An exchange’s abnormal trading during a FLOW incident increased risk for users. After depositing 150 million FLOW tokens, the account converted a large portion to BTC, withdrawing over $5 million, highlighting AML/KYC flaws and causing a significant FLOW price drop.
Flow Foundation reported on December 27, 2025, a vulnerability affected the FLOW token, with suspect trading activity at an unnamed exchange leading to a user risk shift.
A massive deposit of 150 million FLOW tokens to a compromised exchange occurred soon after the vulnerability was identified. This led to significant conversion to BTC, resulting in a withdrawal of over $5 million before suspending network activities.
South Korean exchanges suspended transactions, seeking to secure user assets and stabilize operations.

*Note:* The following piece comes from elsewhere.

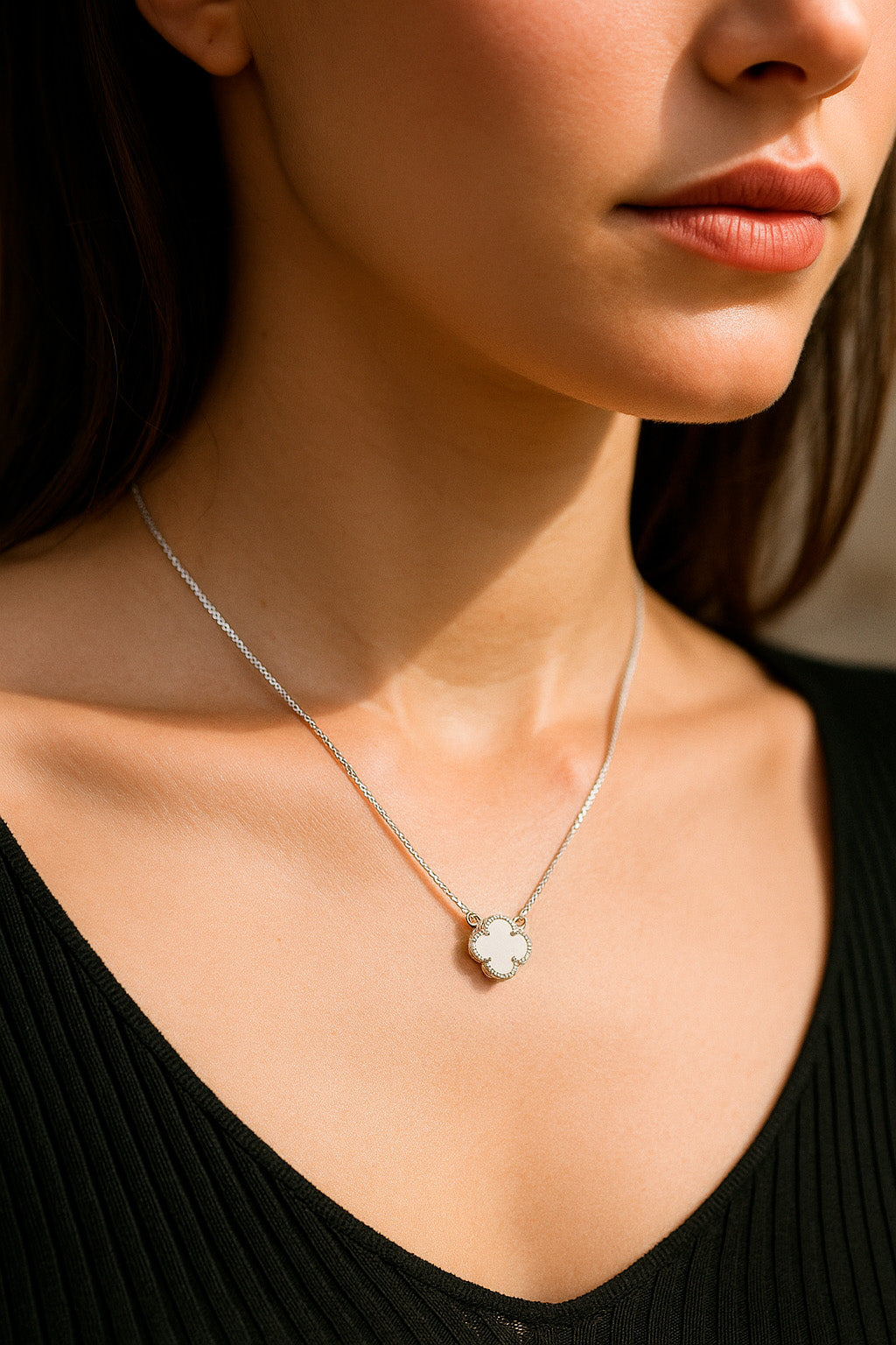 El collar Trivium combina la delicadeza de la cadena veneciana con la elegancia de su trébol central. Elaborado en plata 925, está disponible en dos versiones: nácar natural, que refleja luminosidad perlada, y ónix negro, símbolo de fuerza y distinción.

The event impacted the cryptocurrency market, spotlighting AML/KYC flaws at the implicated exchange. FLOW’s price dropped sharply to $0.079, reflecting a sudden lack of confidence and significant market impact.
Financial implications of the incident are profound, with sharp FLOW price drops and affected user trust. Many tokens were fraudulently converted to BTC, exacerbating concerns.
The breach raises concerns about regulatory compliance in cryptocurrency exchanges. It highlights the urgent need for improved security protocols and more robust user protection measures to avoid fraud and illicit activity.